Interpretive Summary: The Bahamas archipelago is the northernmost land area of the Caribbean island biodiversity hotspot (CIBH). It consist of several geologically stable banks that provide direct evidence of global sea level changes that are valuable for understanding the relationship between climate and demographic changes inplant populations. We were interested to know if there are signatures of major changes on Quaternary gene flow patterns among population on the CIBH and reconstructed the history of the monophyletic Zamia pumila complex across the Bahamas. We tested several gene flow models, estimated the historical effective population sizes, and searched for signatures of possible demographic contractions/expansions of the populations. We detected gene flow and demographic/spatial expansion that supports colonization of the Little Bahamas paleo-province from the Grand Bahamas paleo-province. Populations maintained high migration rates that shifted to a restricted rate as sea levels rose. Two separate introductions of Zamia into the Bahamas were detected. Andros Island is implicated as the ancestral source for migration of Z. integrifolia towards islands of both paleo-provinces. We conclude that gene flow patterns on the Bahamas appear to be in synchrony with global climate change in the Quaternary and may act as buffer to contain genetic erosion. This has implications for managing biodiversity in the CIBH as seas levels continue to rise.
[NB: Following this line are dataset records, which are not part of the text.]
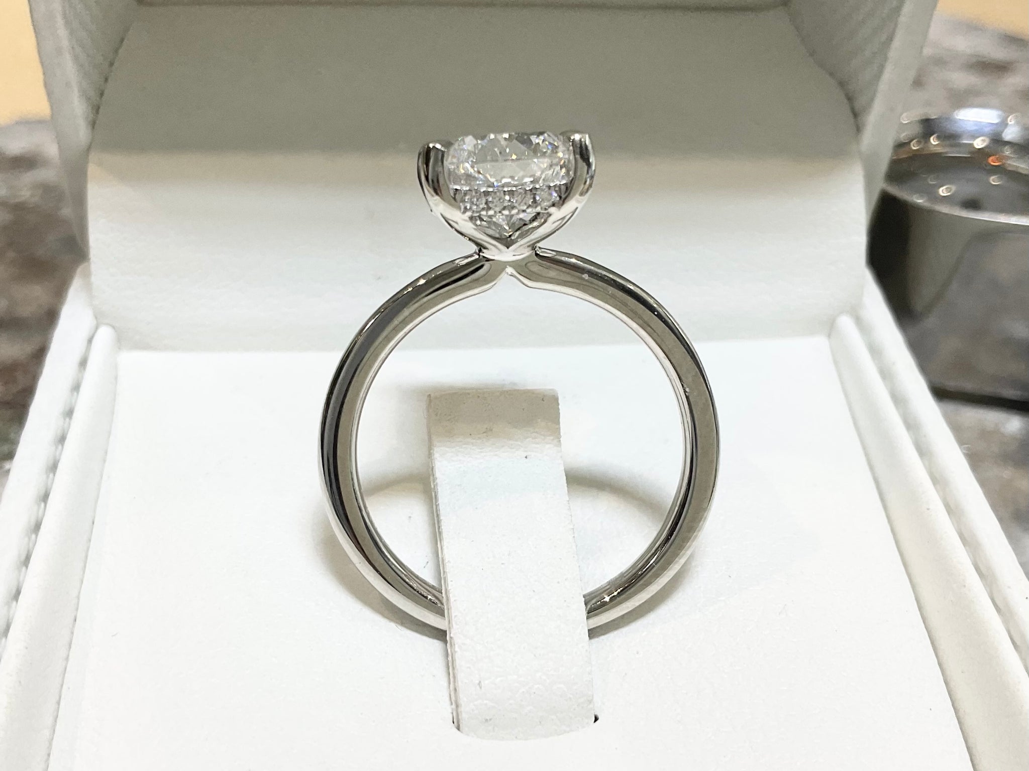 Adding a touch of hidden luxury, a delicate halo of natural mined diamonds (totaling 0.07ct) is tucked beneath the main stone — a subtle sparkle only visible from certain angles, creating an intimate, refined detail.
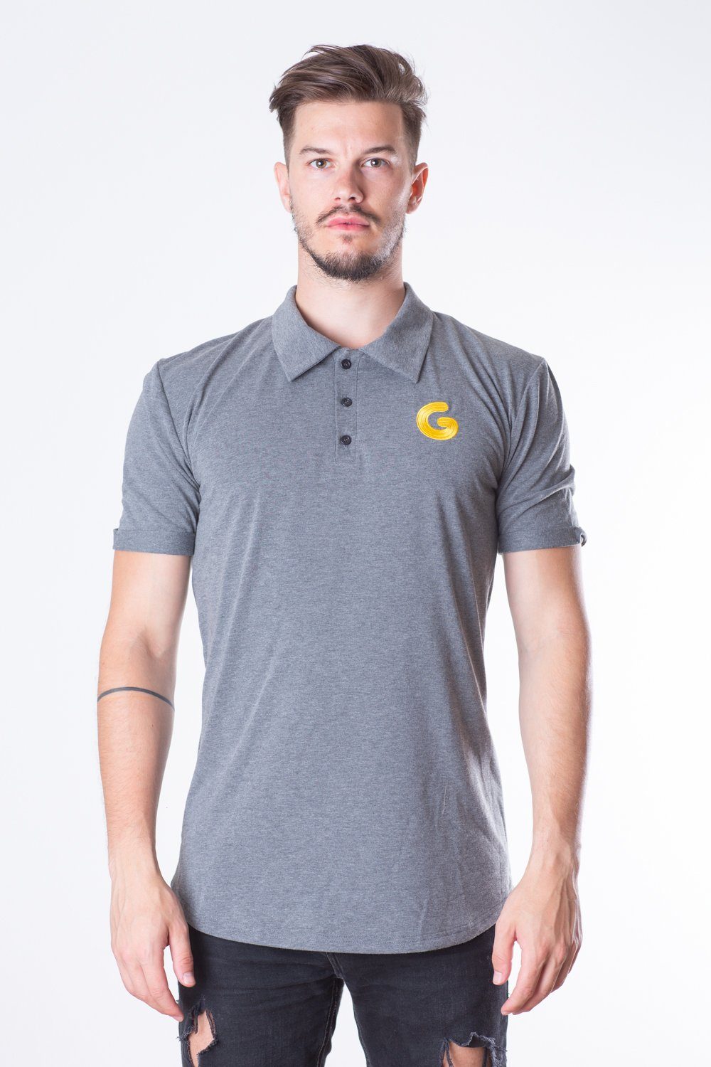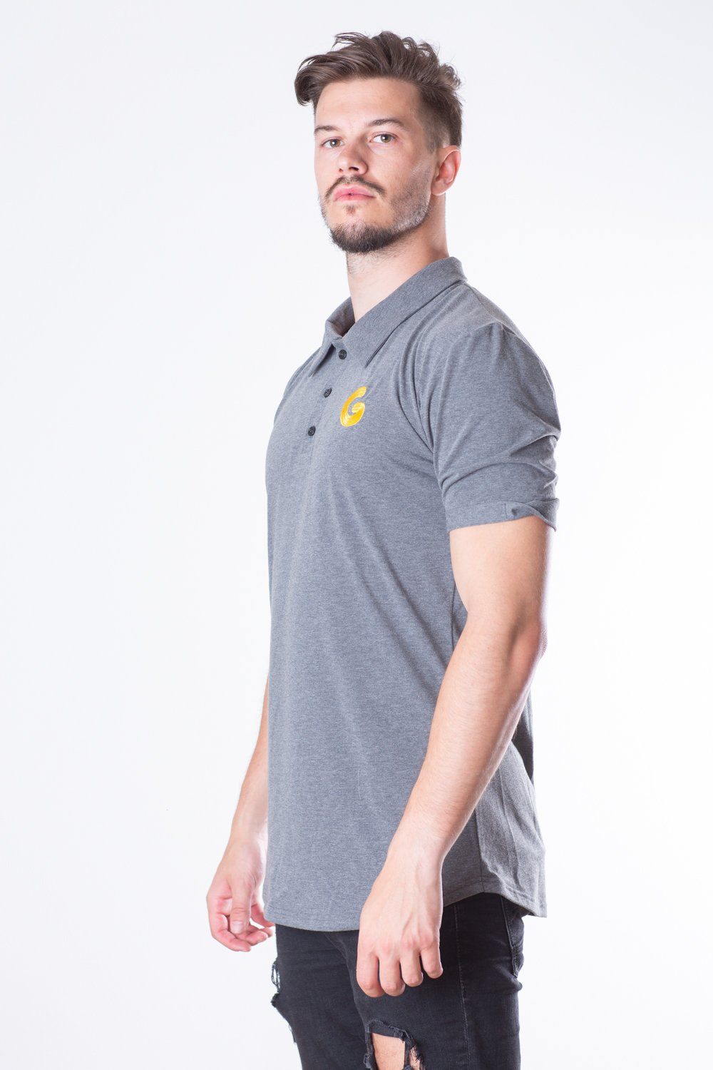 French Terry Man Polo // šedý proužek
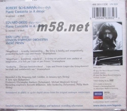 葛利格&舒曼:小調(diào)鋼琴協(xié)奏曲 Grieg/Schumann:Piano Concertos(m58.net) 羅馬尼亞鋼琴家魯普與名指揮普烈文的這套舒曼與葛利格鋼琴協(xié)奏曲唱片,為DECCA歷來最好的鋼琴錄音之一。錄音地點英國Kingsway廳本就具有優(yōu)異的音響條件,通透的琴韻與飽滿的管弦樂,加上良好的平衡感,構(gòu)成寬松且不局促、不空蕩的聆樂感,早年即已高掛美國TAS發(fā)燒榜單。魯普具備了一般鋼琴家中少見的大膽創(chuàng)意與細(xì)膩詩情,其慧眼常能窺見樂曲的深邃內(nèi)涵,舒曼與葛利格的兩首a小調(diào)協(xié)奏曲特有的浪漫性格恒能與魯普的演奏特色相吻合,復(fù)又獲得普烈文與倫敦交響樂團以堅實的管弦音色支撐,使本輯錄音突出,演奏亦時能令人喜出望外
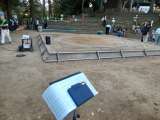 あと30分ぐらいではじまります。風があって鎮守の森は涼しいです。
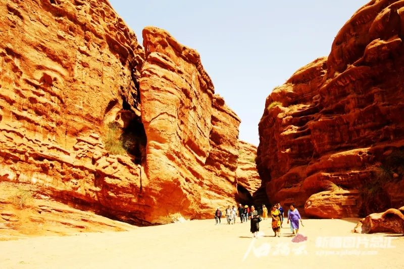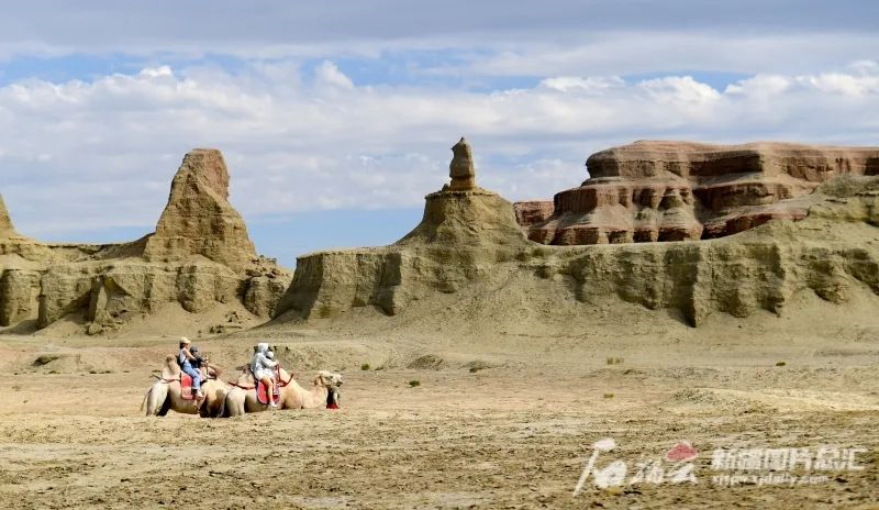 7月22日,游客在位于克拉玛依市乌尔禾区的世界魔鬼城景区游玩。石榴云/新疆日报记者 韩亮 摄

Technical Abstract: The Bahamas archipelago is the northernmost land area of the Caribbean island biodiversity hotspot (CIBH). It is defined by several banks composed of quaternary carbonates that are tectonically stable. Such stability has provided direct geological evidence of global ice-volume changes that is valuable for our understanding of the relationship between climate and demographic changes. We were interested to know if there are signatures of major changes on Quaternary gene flow patterns among population on the CIBH and reconstructed the phylogeographic history of the monophyletic Zamia pumila complex across the Bahamas. We tested several gene flow models, estimated the historical effective population sizes, and searched for signatures of possible demographic contractions/expansions of the populations. We detected gene flow and demographic/spatial expansion that supports colonization of the Little Bahamas paleo-province from the Grand Bahamas paleo-province around the Piancezian/Gelasian (Quaternary). Populations maintained a full migration model with high migration rates that shifted to a source-sink migration model with restricted rates. Two separate introductions of Zamia into the Bahamas were detected. Andros Island is implicated as the ancestral source for migration of Z. integrifolia towards islands of both paleo-provinces. Contemporaneous divergence among populations dates back to the beginning of Marine Isotope Stage 1 (MIS 1, current deglaciation), while lower genetic differentiation coincides with MIS 2 (last glacial period). We conclude that gene flow patterns on the Bahamas appear to be in synchrony with global climate change in the Quaternary and may act as buffer to contain genetic erosion.